When he was only five or six, Ella insisted that he take piano lessons. Robert dutifully practiced every day, hating it all the while. About a year later, he fell sick and his mother characteristically suspected the worst, perhaps a case of infantile paralysis. Nursing him back to health, she kept asking him how he felt until one day he looked up from his sickbed and grumbled, “Just as I do when I have to take piano lessons.” Ella relented, and the lessons ended.

In 1909, when Robert was only five, Julius took him on the first of four transatlantic crossings to visit his grandfather Benjamin in Germany. They made the trip again two years later; by then Grandfather Benjamin was seventy-five years old, but he left an indelible impression on his grandson. “It was clear,” Robert recalled, “that one of the great joys in life for him was reading, but he had probably hardly been to school.” One day, while watching Robert play with some wooden blocks, Benjamin decided to give him an encyclopedia of architecture. He also gave him a “perfectly conventional” rock collection consisting of a box with perhaps two dozen rock samples labeled in German. “From then on,” Robert later recounted, “I became, in a completely childish way, an ardent mineral collector.” Back home in New York, he persuaded his father to take him on rock-hunting expeditions along the Palisades. Soon the apartment on Riverside Drive was crammed with Robert’s rocks, each neatly labeled with its scientific name. Julius encouraged his son in this solitary hobby, plying him with books on the subject. Long afterward, Robert recounted that he had no interest in the geological origins of his rocks, but was fascinated by the structure of crystals and polarized light.

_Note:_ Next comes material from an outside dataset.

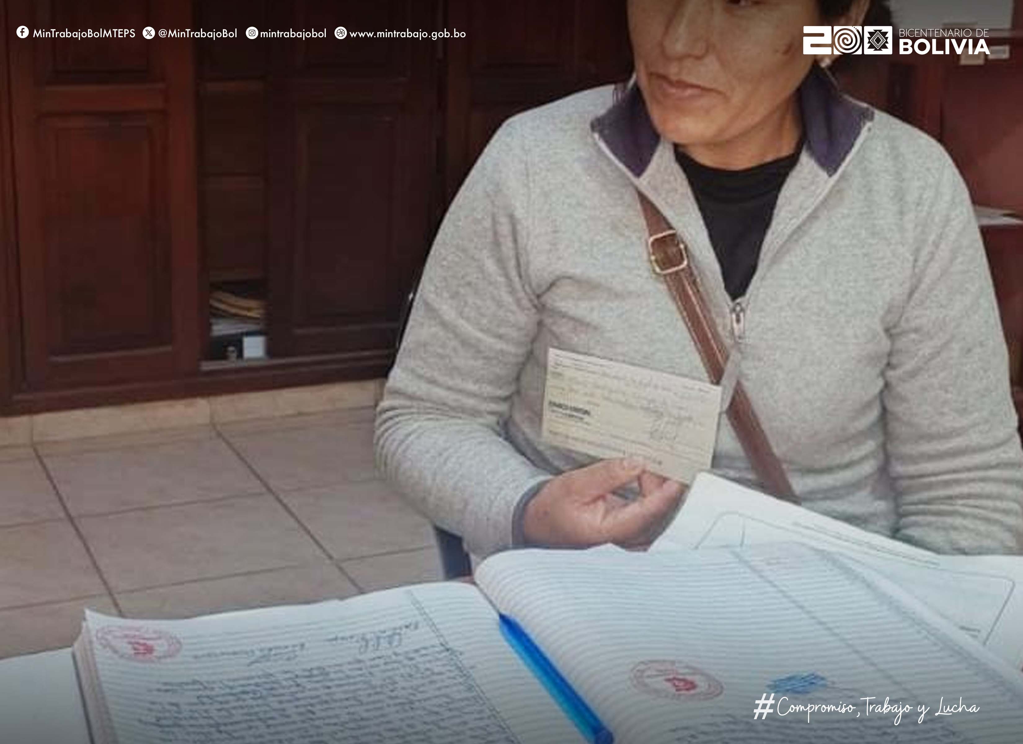 Ministerio de Trabajo.- Tras la denuncia realizada por una trabajadora por el incumplimiento en el pago de beneficios sociales, la jefatura de trabajo en Yacuiba realizó los actos administrativos para garantizar la restitución de sus derechos laborales.

From the ages of seven through twelve, Robert had three solitary but allconsuming passions: minerals, writing and reading poetry, and building with blocks. Later he would recall that he occupied his time with these activities “not because they were something I had companionship in or because they had any relation to school—but just for the hell of it.” By the age of twelve, he was using the family typewriter to correspond with a number of well-known local geologists about the rock formations he had studied in Central Park. Not aware of his youth, one of these correspondents nominated Robert for membership in the New York Mineralogical Club, and soon thereafter a letter arrived inviting him to deliver a lecture before the club. Dreading the thought of having to talk to an audience of adults, Robert begged his father to explain that they had invited a twelve-year-old. Greatly amused, Julius encouraged his son to accept this honor. On the designated evening, Robert showed up at the club with his parents, who proudly introduced their son as “J. Robert Oppenheimer.” The startled audience of geologists and amateur rock collectors burst out laughing when he stepped up to the podium; a wooden box had to be found for him to stand on so that the audience could see more than the shock of his wiry black hair sticking up above the lectern. Shy and awkward, Robert nevertheless read his prepared remarks and was given a hearty round of applause.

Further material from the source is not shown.